Genes regulated by the Escherichia coli SOS repressor LexA exhibit heterogenous expression
© Kamenšek et al; licensee BioMed Central Ltd. 2010
Received: 16 July 2010
Accepted: 11 November 2010
Published: 11 November 2010
Phenotypic heterogeneity may ensure that a small fraction of a population survives environmental perturbations or may result in lysis in a subpopulation, to increase the survival of siblings. Genes involved in DNA repair and population dynamics play key roles in rapid responses to environmental conditions. In Escherichia coli the transcriptional repressor LexA controls a coordinated cellular response to DNA damage designated the SOS response. Expression of LexA regulated genes, e.g. colicin encoding genes, recA, lexA and umuDC, was examined utilizing transcription fusions with the promoterless gfp at the single cell level.
The investigated LexA regulated genes exhibited heterogeneity, as only in a small fraction of the population more intense fluorescence was observed. Unlike recA and lexA, the pore forming and nuclease colicin activity genes as well as umuDC, exhibited no basal level activity. However, in a lexA defective strain high level expression of the gene fusions was observed in the large majority of the cells. All of the investigated genes were expressed in a recA defective strain, albeit at lower levels, revealing expression in the absence of a spontaneous SOS response. In addition, the simultaneous expression of cka, encoding the pore forming colicin K, and lexA, investigated at the single cell level revealed high level expression of only cka in rare individual cells.
LexA regulated genes exhibit phenotypic heterogeneity as high level expression is observed in only a small subpopulation of cells. Heterogenous expression is established primarily by stochastic factors and the binding affinity of LexA to SOS boxes.
Genetically identical bacterial cells can exhibit heterogeneity as the population bifurcates into distinct subpopulations. Such heterogeneity within clonal populations is a bet hedging strategy as a small fraction of a population is either prepared to survive adverse environmental conditions or sacrifice itself to enhance the likelihood of survival of clonal siblings. Examples of phenotypic heterogeneity include: development of competence and sporulation in Bacillus subtilis, lysogenic versus the lytic cycle of bacteriophage lambda, biofilm formation, toxin production and antibiotic persistence [1–4].
In Escherichia coli DNA damage induces the expression of more than 40 genes leading to arrest of cell division and the induction of DNA repair, prophages, toxin production and mutagenesis . The key regulator of this coordinated cellular response, named the SOS response , is the LexA protein that represses gene expression by binding as a dimer to a 16-mer consensus sequence CTG-N10-CAG designated as SOS boxes . Upon DNA damage replication forks are stalled exposing single-stranded DNA (ssDNA). RecA binds to the ssDNA forming a nucleoprotein filament which activates the autoproteolytic cleavage of LexA, leading to induction of the SOS response. In addition to activation by exogenous DNA damaging agents, the SOS response is also induced by endogenous, as well as spontaneous events .

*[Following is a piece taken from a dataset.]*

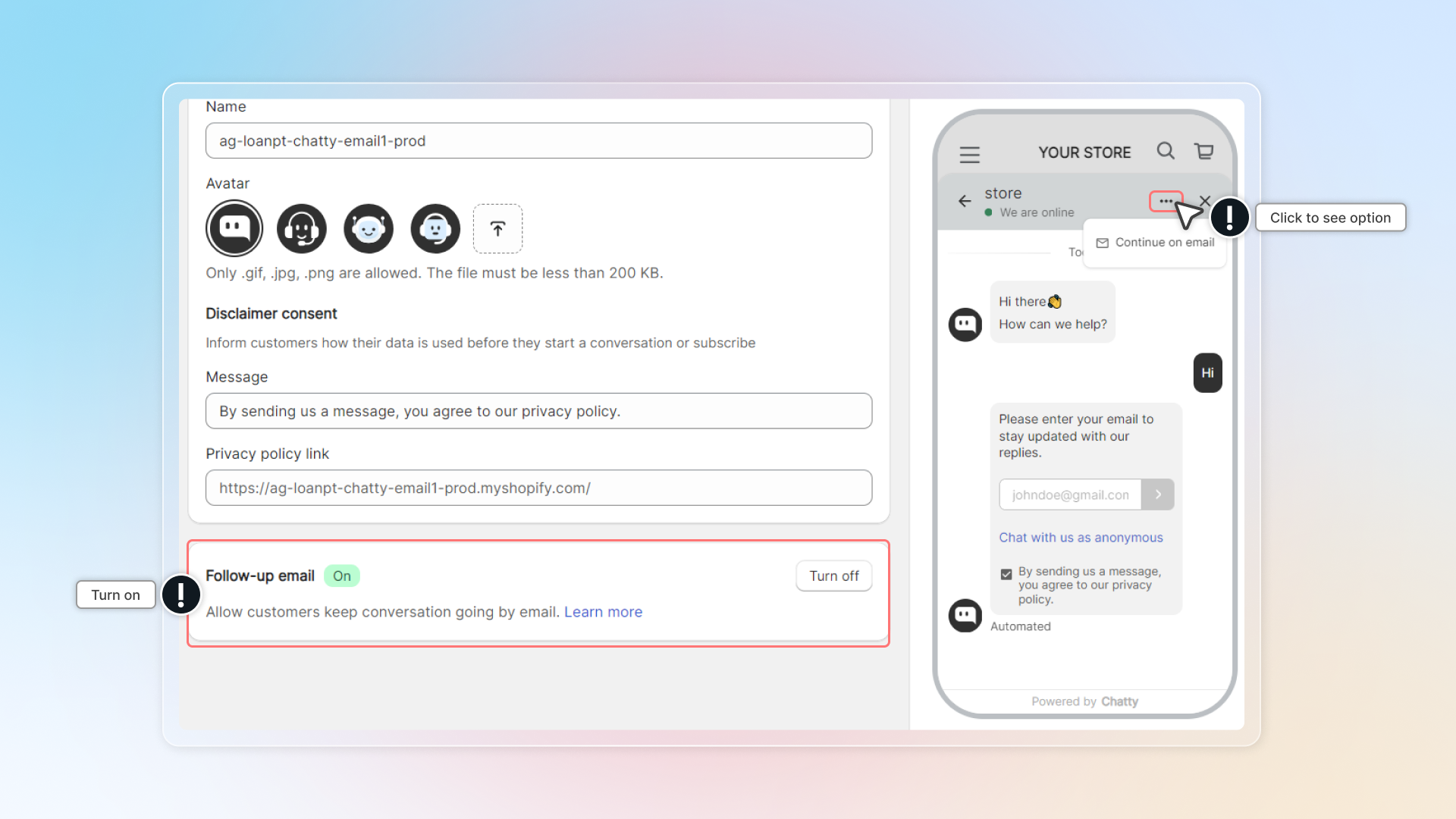 Click to turn on. In chatbox, customers can select Continue on email to keep the conversation going by their email.

SOS induction often results in the production of antimicrobial toxins such as bacteriocins. The bacteriocins of E. coli strains, designated as colicins, are plasmid encoded and are found with high frequency among natural isolates . These toxins were suggested to promote phenotypic and genotypic diversity within E. coli populations in the mammalian colon [9, 10]. Colicins destroy cells by one of three mechanisms: (i) they either form pores in the cytoplasmic membrane thus depleting its electrochemical potential, (ii) degrade either the DNA or RNA of their target cell or (iii) inhibit peptidoglycan and lipopolysaccharide (LPS) O-antigen biosynthesis [11–13]. Production and release of most colicins is encoded by three genes, an activity gene encoding the colicin protein, an immunity gene encoding a protein that protects the cell from its produced toxin and a lysis gene for semispecific release of the colicin. Colicin encoding genes characteristically have two overlapping SOS boxes that bind two LexA dimers and protect the cell from untimely colicin production, as it is lethal to the producing cell . Some colicins, such as colicins B and M, have no lysis genes and are actively secreted by an unknown mechanism . Colicin B and M encoding operons are tightly linked on large conjugative plasmids [16, 17]. Expression of both colicin B and colicin M seems to be regulated by a common SOS boxes located upstream of the colicin B activity gene [16, 18].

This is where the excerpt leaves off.